President Monson is a transcendent figure because of his length of service (54 years as an LDS apostle) and his contributions during his ministry. I will leave ecclesiastical contributions, of which there are many, to those called to the formal ministry, but highlight pivotal public leadership moments during his final years of service. He used his stewardship to make Utah better for all Utahns.
In 2010, community leaders developed the Utah Compact, a declaration of five principles to guide immigration policies. The LDS Church supported the effort and issued a statement saying the Compact is “consistent with important principles for which we stand.” The Compact served as a forerunner to Utah immigration laws that balanced the need for enforcement with compassion. Approximately a dozen states have replicated the Utah Compact in some form. The Compact made Utah a more inclusive and compassionate state, and it is part of President Monson’s living legacy.
Female missionary service
In 2012, President Monson joyfully announced that LDS women are eligible to serve as full-time missionaries starting at age 19 (instead of 21). This change aroused a sleeping giant in young women eager to serve. The number of women serving as full-time missionaries doubled. The change has empowered young women in the church, increased their self-awareness and confidence, enhanced their leadership and language skills and expanded their experiences. Missionaries from Utah return here ready to serve and make our state even better. Female missionaries are part of President Monson’s living legacy.
In 2015, the state passed landmark legislation that balances religious freedoms and protections against discrimination of LGBT people in the workplace and housing. It was a monumental step for civility, compassion, freedom and fairness. It elevated Utah to a better place by granting protections for religious freedom and fairness in housing and employment. It affirmed that discrimination anddenial of a person’s right to believe as their conscience dictates are wrong. The LDS Church supported this legislation, and it is part of President Monson’s living legacy.

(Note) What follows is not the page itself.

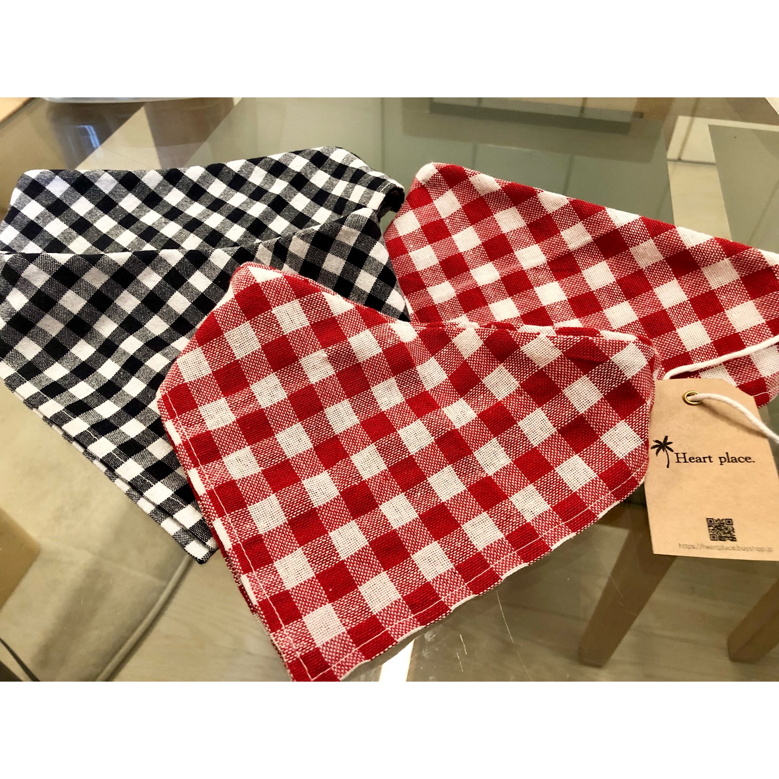 製作中のギンガムチェックのバンダナ。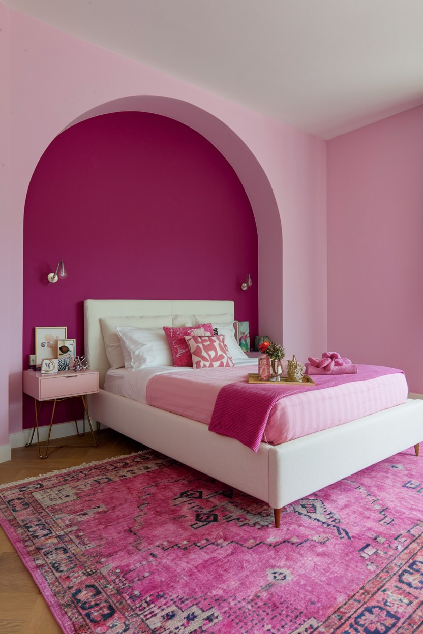 A deep, vibrant magenta accent wall can instantly add drama and elegance to your bedroom. This bold statement piece is balanced perfectly with neutral furniture like a white or gray bed frame, offering contrast without clashing. Keep the rest of the room simple by choosing a lighter color palette for the bedding, accessories, and flooring. This allows the magenta wall to be the focal point, creating a luxurious ambiance that feels rich and striking. Pair the bold wall with sleek metallic light fixtures or a plush rug to enhance the room’s overall opulence.

In 2016, the LDS Church launched the “I was a stranger” effort to assist refugees in their own communities. LDS leadership asked members to help refugees in their local communities. The effort caught the attention of the Wall Street Journal, which opined, “With welcoming stance, conservative Utah charts its own course with refugees.” Approximately 60,000 refugees from more than 20 countries live in Utah. Many have been kidnapped, beaten and tortured. They are strangers in need of friends, and we have a moral responsibility to lend aid. Refugee aid is part of President Monson’s living legacy, not only in Utah, but around the world.
There’s an old saying: “Everyone in Utah is a Mormon. They’re either an active Mormon, a former Mormon, a jack Mormon, a future Mormon, a non-Mormon or an anti-Mormon — pick your moniker.”
This play on words need not be true. Great leaders in The Church of Jesus Christ of Latter-day Saints are good for the whole state. We are one state doing our very best to keep Utah beautiful, prosperous and neighborly. We occasionally fall short, but we keep trying.
When a community leader passes regardless of their faith tradition, I harken back to the well-known John Donne poem: “Any man’s death diminishes me, because I am involved in mankind, and therefore never send to know for whom the bell tolls; it tolls for thee.”